> Exercise aim: Give the listing again character for character, but drop the images.

> The input:
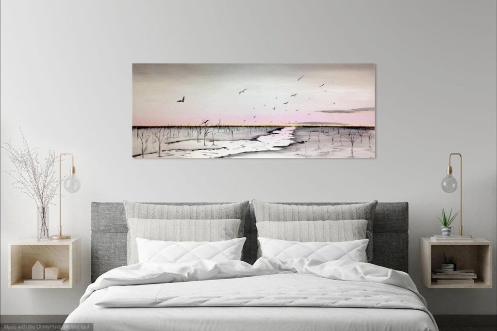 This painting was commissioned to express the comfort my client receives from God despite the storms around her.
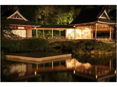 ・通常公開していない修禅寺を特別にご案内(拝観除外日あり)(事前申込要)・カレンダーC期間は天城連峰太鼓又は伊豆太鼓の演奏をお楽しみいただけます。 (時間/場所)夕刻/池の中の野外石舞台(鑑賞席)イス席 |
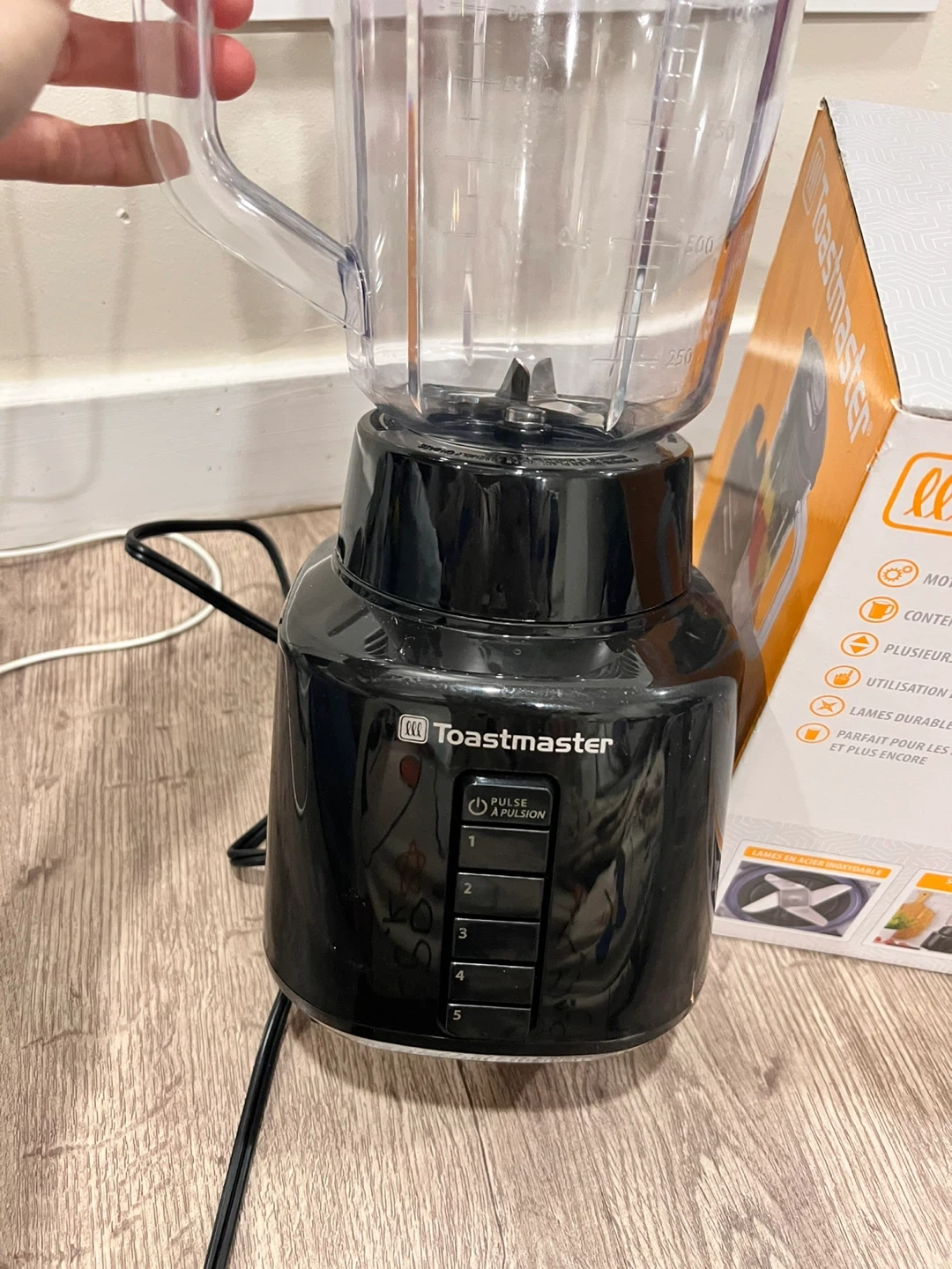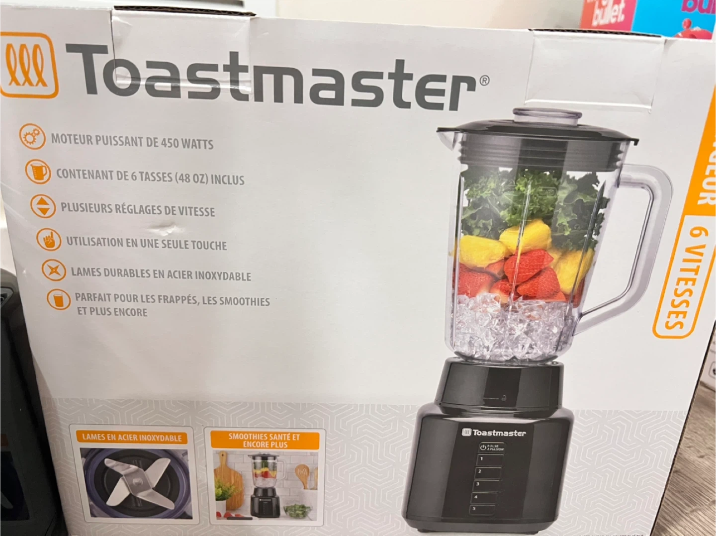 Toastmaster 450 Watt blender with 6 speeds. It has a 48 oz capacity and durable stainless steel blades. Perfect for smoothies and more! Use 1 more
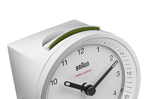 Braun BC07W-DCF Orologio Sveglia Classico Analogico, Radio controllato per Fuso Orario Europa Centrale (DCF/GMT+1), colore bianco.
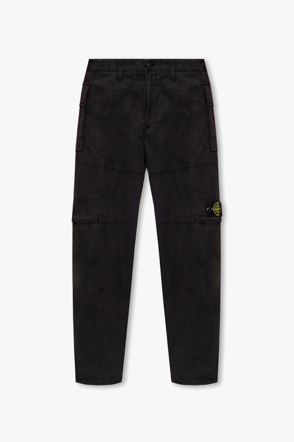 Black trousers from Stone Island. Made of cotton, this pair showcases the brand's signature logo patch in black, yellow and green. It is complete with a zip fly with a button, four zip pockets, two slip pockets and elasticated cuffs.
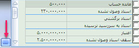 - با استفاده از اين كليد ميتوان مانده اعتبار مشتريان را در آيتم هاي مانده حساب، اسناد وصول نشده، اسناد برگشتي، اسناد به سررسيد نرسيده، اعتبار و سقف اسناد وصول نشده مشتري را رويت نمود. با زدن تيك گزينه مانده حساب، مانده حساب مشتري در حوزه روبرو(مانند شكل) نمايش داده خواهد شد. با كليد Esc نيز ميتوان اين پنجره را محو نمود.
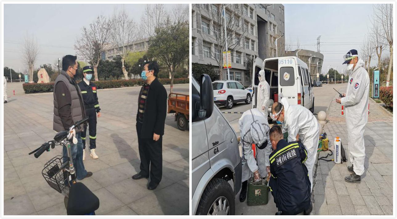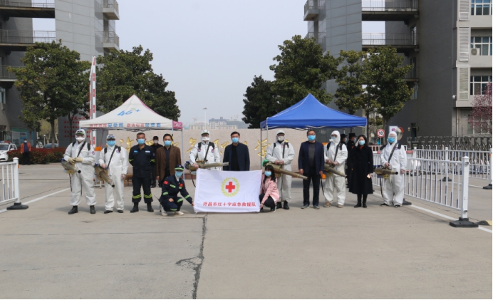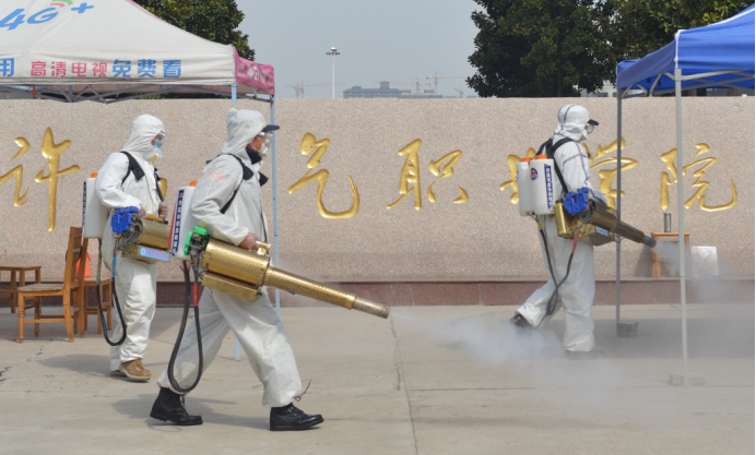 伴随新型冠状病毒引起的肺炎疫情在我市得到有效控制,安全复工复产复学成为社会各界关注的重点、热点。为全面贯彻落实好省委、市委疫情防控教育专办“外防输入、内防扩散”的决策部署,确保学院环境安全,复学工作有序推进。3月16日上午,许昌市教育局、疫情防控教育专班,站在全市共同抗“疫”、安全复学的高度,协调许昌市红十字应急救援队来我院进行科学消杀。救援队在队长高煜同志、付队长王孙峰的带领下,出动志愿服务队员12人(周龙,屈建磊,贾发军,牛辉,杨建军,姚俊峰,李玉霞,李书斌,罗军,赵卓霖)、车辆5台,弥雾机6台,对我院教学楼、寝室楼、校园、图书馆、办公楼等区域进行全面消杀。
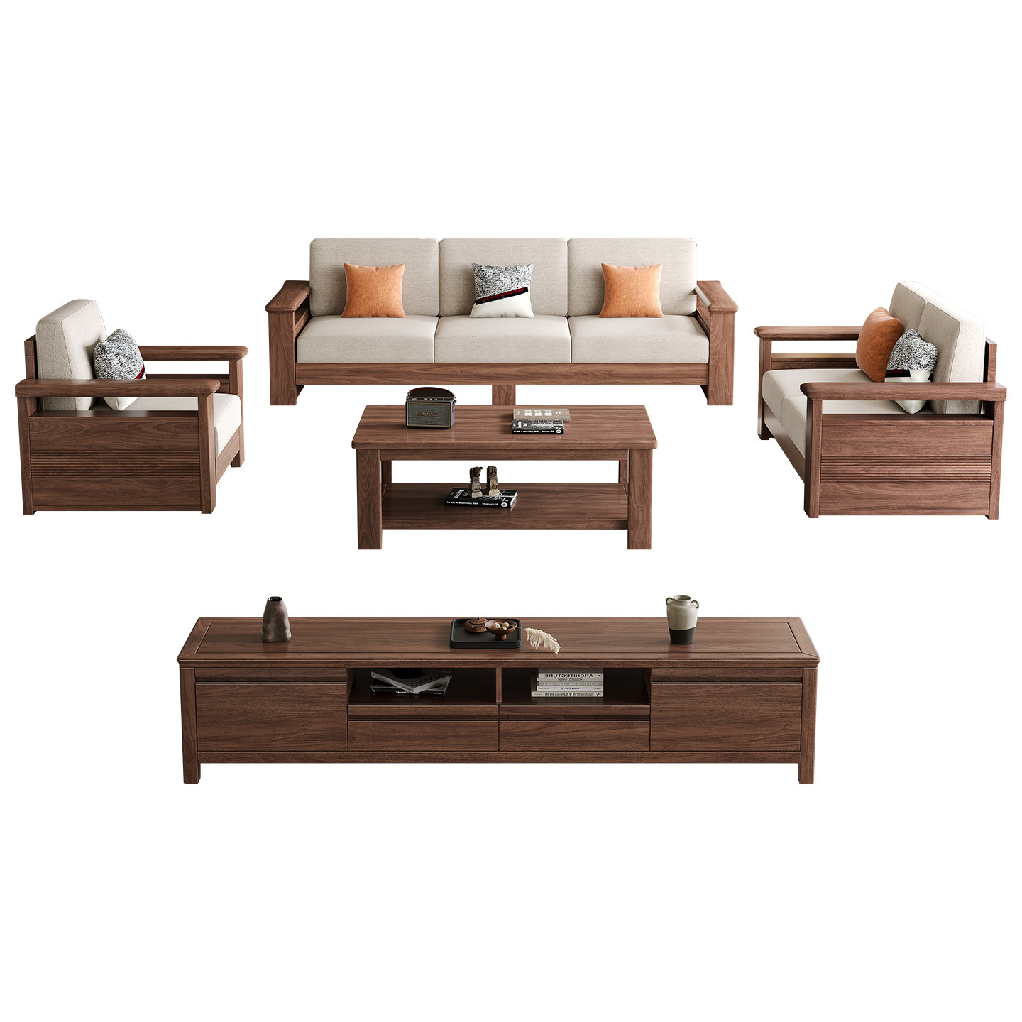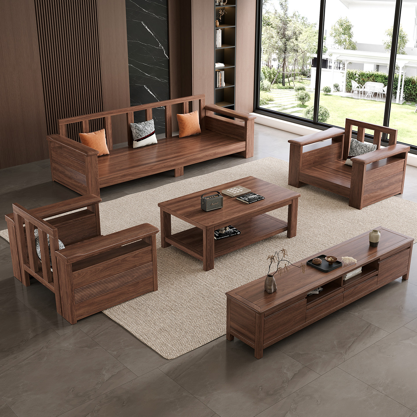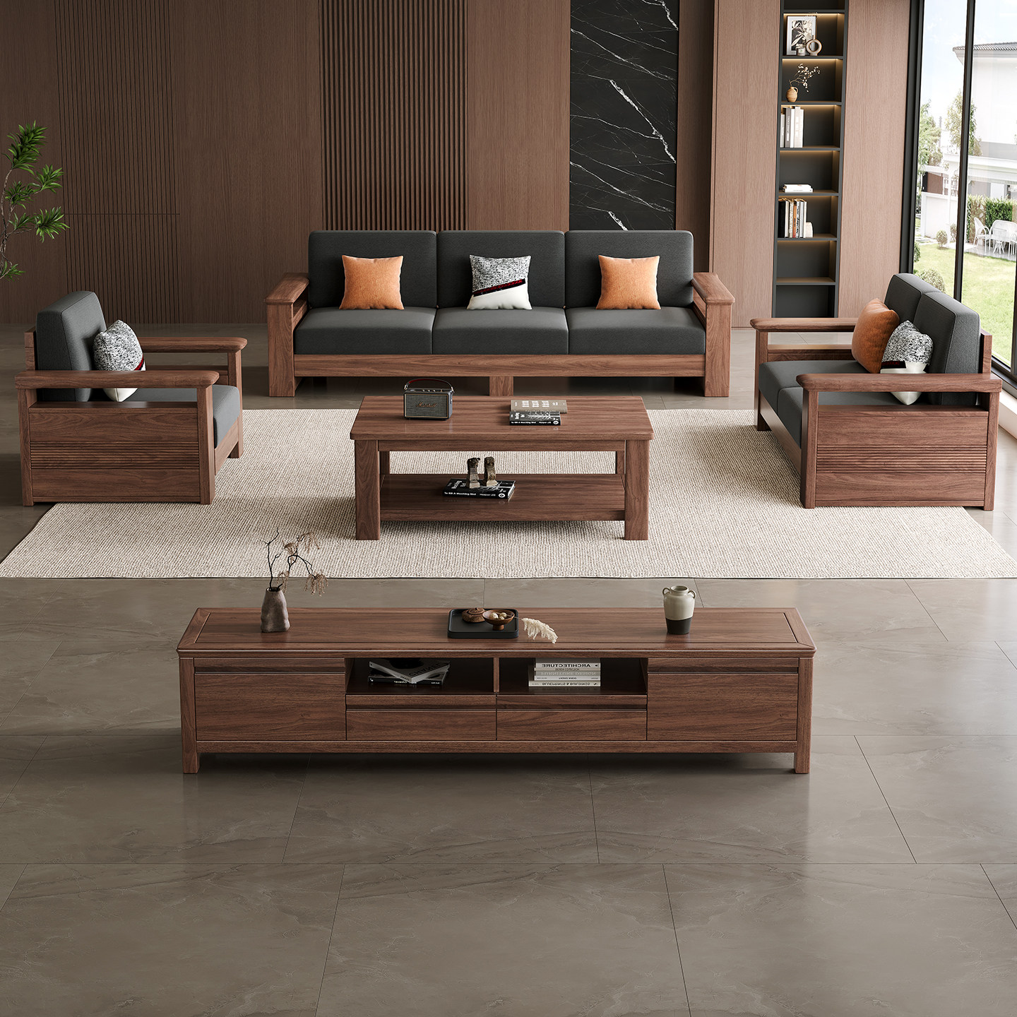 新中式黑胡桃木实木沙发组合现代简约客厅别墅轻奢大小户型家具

> Task solution:
 This painting was commissioned to express the comfort my client receives from God despite the storms around her.
 ・通常公開していない修禅寺を特別にご案内(拝観除外日あり)(事前申込要)・カレンダーC期間は天城連峰太鼓又は伊豆太鼓の演奏をお楽しみいただけます。 (時間/場所)夕刻/池の中の野外石舞台(鑑賞席)イス席 |
 Toastmaster 450 Watt blender with 6 speeds. It has a 48 oz capacity and durable stainless steel blades. Perfect for smoothies and more! Use 1 more
 Braun BC07W-DCF Orologio Sveglia Classico Analogico, Radio controllato per Fuso Orario Europa Centrale (DCF/GMT+1), colore bianco.
 Black trousers from Stone Island. Made of cotton, this pair showcases the brand's signature logo patch in black, yellow and green. It is complete with a zip fly with a button, four zip pockets, two slip pockets and elasticated cuffs.
 - با استفاده از اين كليد ميتوان مانده اعتبار مشتريان را در آيتم هاي مانده حساب، اسناد وصول نشده، اسناد برگشتي، اسناد به سررسيد نرسيده، اعتبار و سقف اسناد وصول نشده مشتري را رويت نمود. با زدن تيك گزينه مانده حساب، مانده حساب مشتري در حوزه روبرو(مانند شكل) نمايش داده خواهد شد. با كليد Esc نيز ميتوان اين پنجره را محو نمود.
 伴随新型冠状病毒引起的肺炎疫情在我市得到有效控制,安全复工复产复学成为社会各界关注的重点、热点。为全面贯彻落实好省委、市委疫情防控教育专办“外防输入、内防扩散”的决策部署,确保学院环境安全,复学工作有序推进。3月16日上午,许昌市教育局、疫情防控教育专班,站在全市共同抗“疫”、安全复学的高度,协调许昌市红十字应急救援队来我院进行科学消杀。救援队在队长高煜同志、付队长王孙峰的带领下,出动志愿服务队员12人(周龙,屈建磊,贾发军,牛辉,杨建军,姚俊峰,李玉霞,李书斌,罗军,赵卓霖)、车辆5台,弥雾机6台,对我院教学楼、寝室楼、校园、图书馆、办公楼等区域进行全面消杀。
 新中式黑胡桃木实木沙发组合现代简约客厅别墅轻奢大小户型家具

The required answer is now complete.